- Exercise description -
From the first line to the last, copy the data exactly and drop the pictures.

- Supplied material -
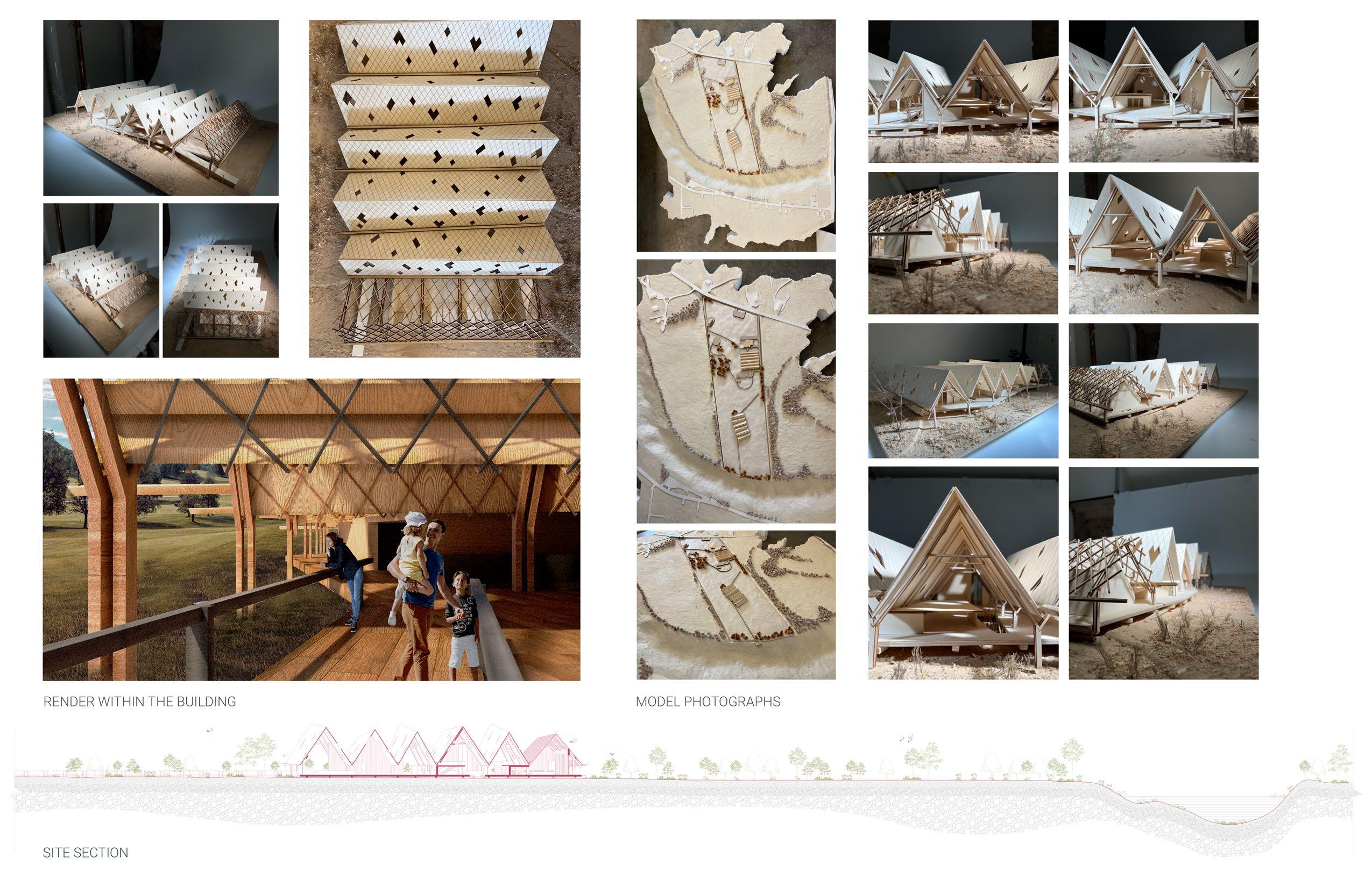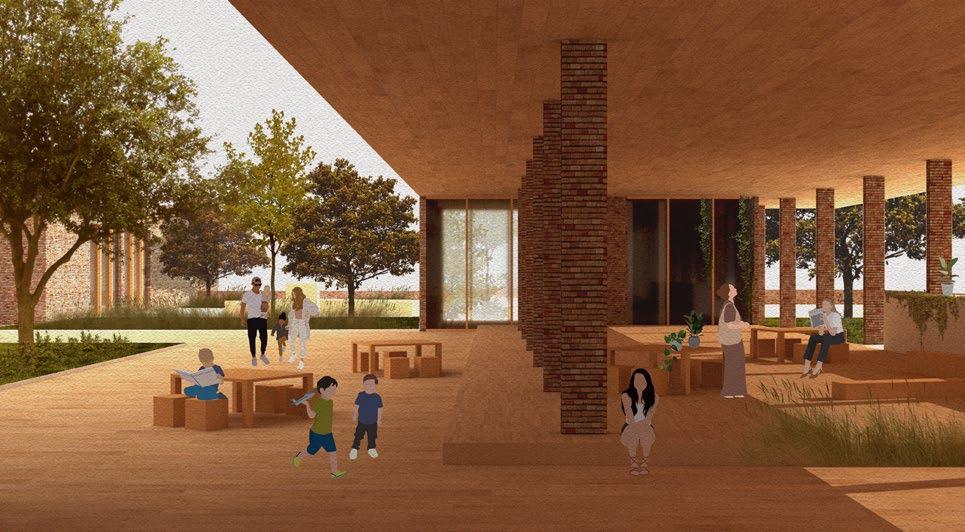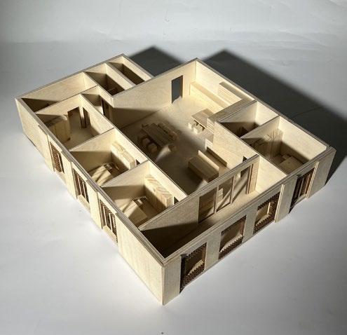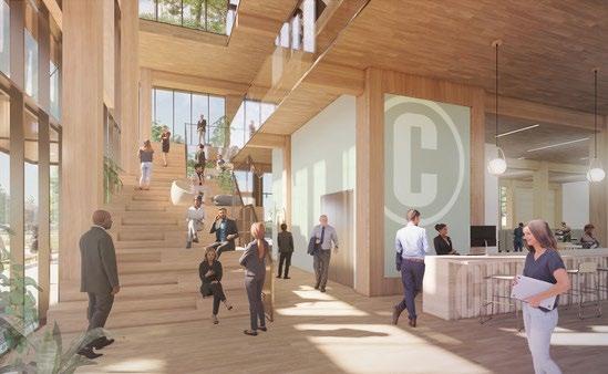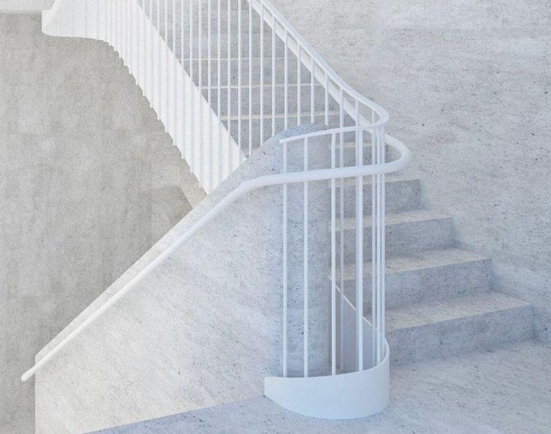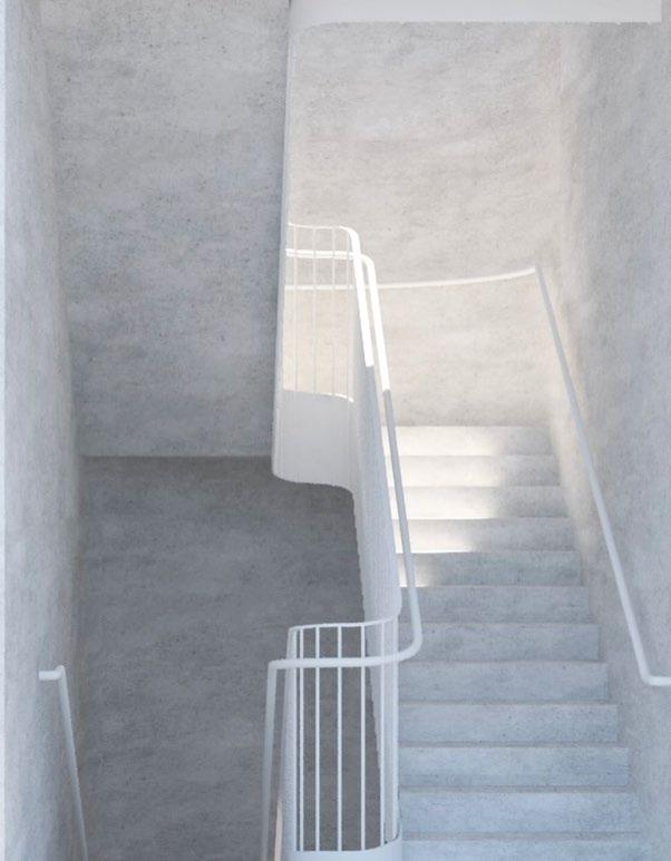 3D MODEL AND RENDER OF THE FEATURE STAIR THROUGH THE ATRIUM
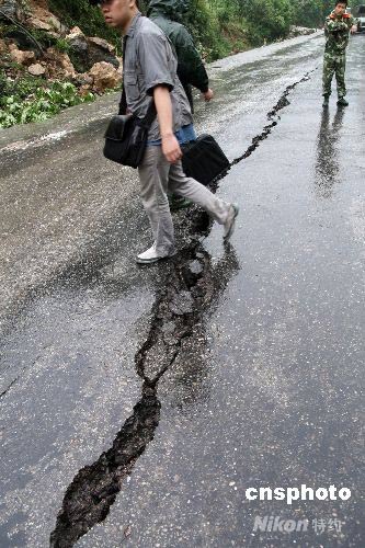 5月13日,通往四川地震重災(zāi)區(qū)綿陽市北川縣的公路上,出現(xiàn)一段段寬窄不等的嚴(yán)重裂縫。據(jù)稱,目前通往北川老縣城的唯一道路已被大石阻斷,只能步行攀爬通過。中新社發(fā) 郭晉嘉 攝
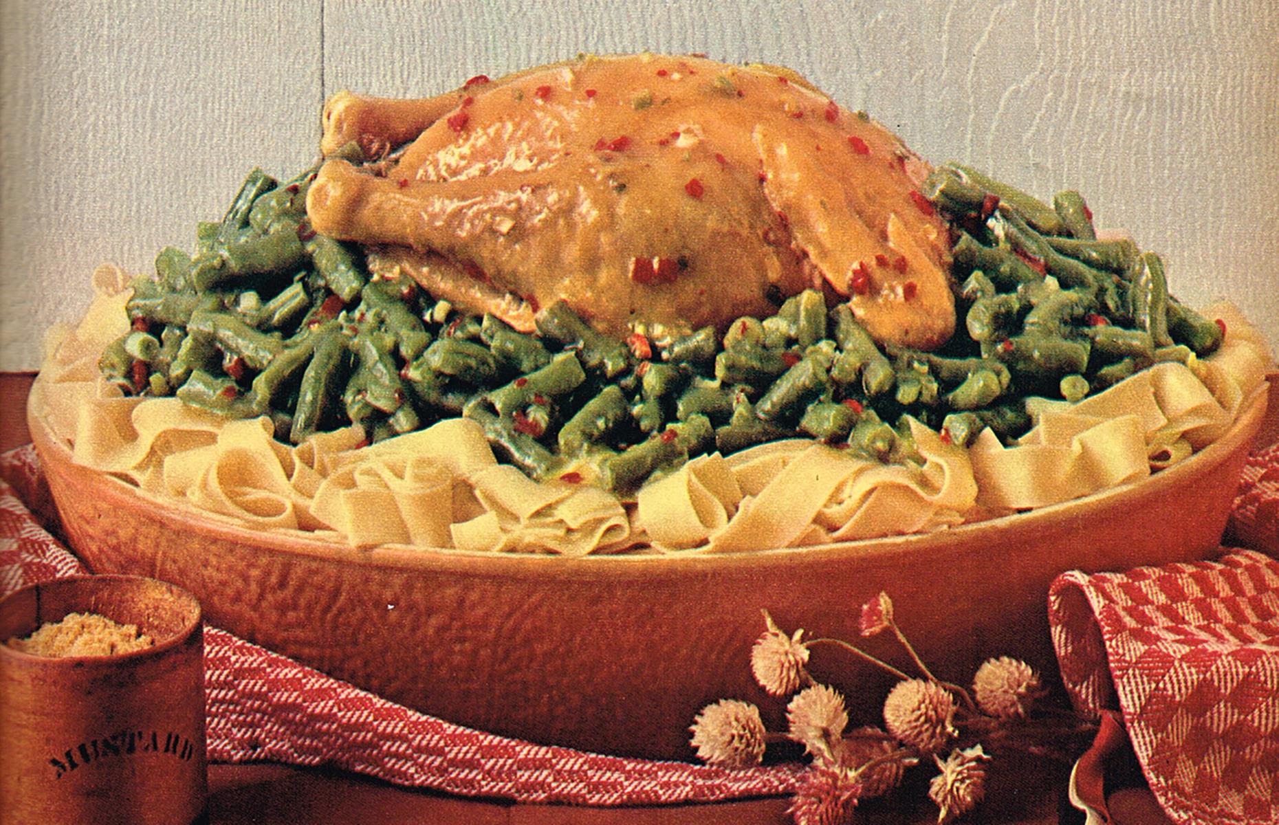 Perjamuan khas desa, Green Beans Gretel diterbitkan sebagai resep dalamLingkaran Keluargapada tahun 1963. Buncis hijau Del Monte dimasak dengan mentega, bawang, cabai, lada hitam, dan mustard, lalu disajikan dengan ayam dan pasta. Sampai di sini, semuanya baik-baik saja. Tapi penyajiannya dengan seluruh ayam panggang di atasnya? Sedikit kasar – dan mungkin juga membuat proses memotong dan menyajikannya menjadi sulit.

- Exercise answer -
 3D MODEL AND RENDER OF THE FEATURE STAIR THROUGH THE ATRIUM
 5月13日,通往四川地震重災(zāi)區(qū)綿陽市北川縣的公路上,出現(xiàn)一段段寬窄不等的嚴(yán)重裂縫。據(jù)稱,目前通往北川老縣城的唯一道路已被大石阻斷,只能步行攀爬通過。中新社發(fā) 郭晉嘉 攝
 Perjamuan khas desa, Green Beans Gretel diterbitkan sebagai resep dalamLingkaran Keluargapada tahun 1963. Buncis hijau Del Monte dimasak dengan mentega, bawang, cabai, lada hitam, dan mustard, lalu disajikan dengan ayam dan pasta. Sampai di sini, semuanya baik-baik saja. Tapi penyajiannya dengan seluruh ayam panggang di atasnya? Sedikit kasar – dan mungkin juga membuat proses memotong dan menyajikannya menjadi sulit.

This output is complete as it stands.